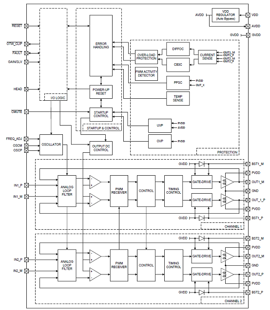 • Integrated Protection: Undervoltage, Overvoltage,Cycle-by-cycle Current Limit, Short Circuit,Clipping Detection, Overtemperature Warning andShutdown, and DC Speaker Protection
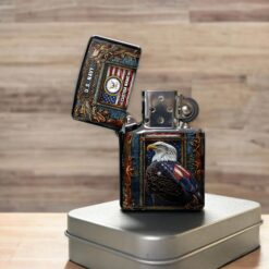 Featuring a robust iron shell with an internal stainless steel liner, this veteran lighter combines functionality with lasting tribute.
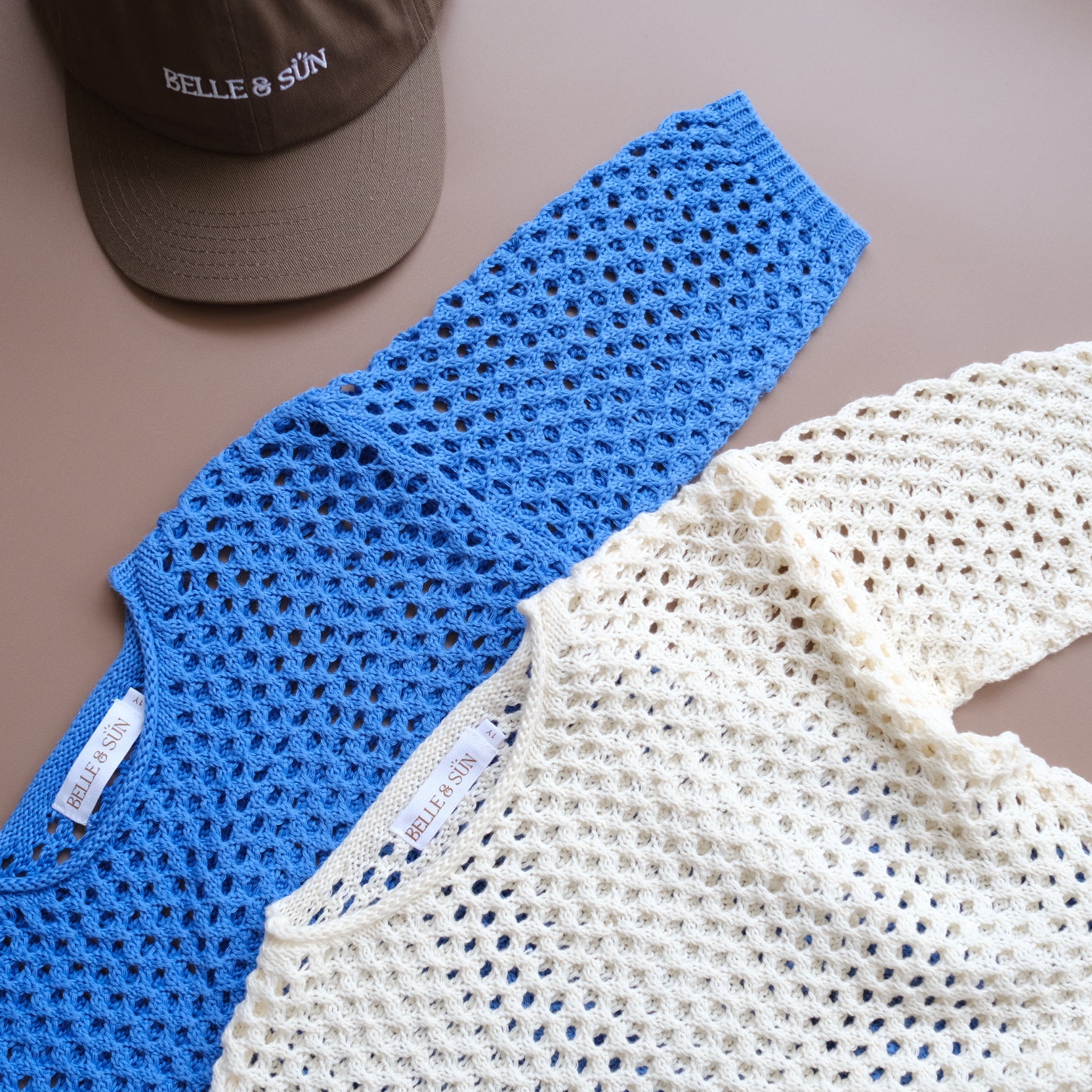 The soft, neutral tone and lightweight crochet pattern make it a versatile summer essential, perfect for layering over swimwear or dressing up casual outfits. Designed with carefree moments in mind, it’s ideal for sun-soaked beach days, family holidays, and playful adventures.
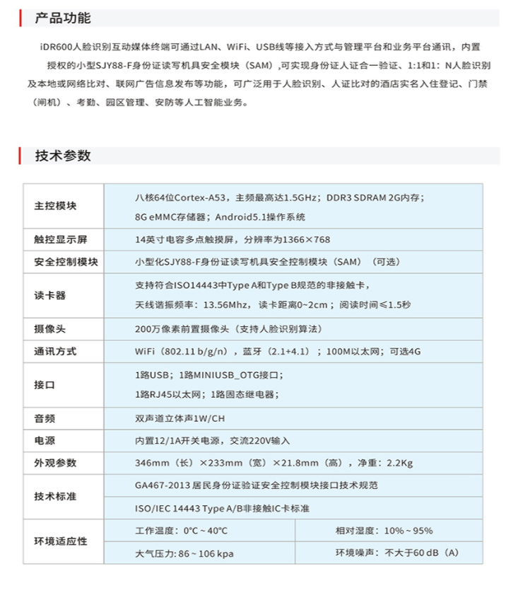 (*由于產(chǎn)品升級或其他原因,精倫IDR600人臉識別一體機產(chǎn)品實際參數(shù)有可能變更,以實際產(chǎn)品為準。本文中的所有陳述、信息和建議也不構(gòu)成任何明示或暗示的擔(dān)保)

-------------------------

INSTRUCTIONS TO FOLLOW —
Would you transcribe all of the data exactly, omitting any pictures?

TASK RESPONSE —
 • Integrated Protection: Undervoltage, Overvoltage,Cycle-by-cycle Current Limit, Short Circuit,Clipping Detection, Overtemperature Warning andShutdown, and DC Speaker Protection
 Featuring a robust iron shell with an internal stainless steel liner, this veteran lighter combines functionality with lasting tribute.
 The soft, neutral tone and lightweight crochet pattern make it a versatile summer essential, perfect for layering over swimwear or dressing up casual outfits. Designed with carefree moments in mind, it’s ideal for sun-soaked beach days, family holidays, and playful adventures.
 (*由于產(chǎn)品升級或其他原因,精倫IDR600人臉識別一體機產(chǎn)品實際參數(shù)有可能變更,以實際產(chǎn)品為準。本文中的所有陳述、信息和建議也不構(gòu)成任何明示或暗示的擔(dān)保)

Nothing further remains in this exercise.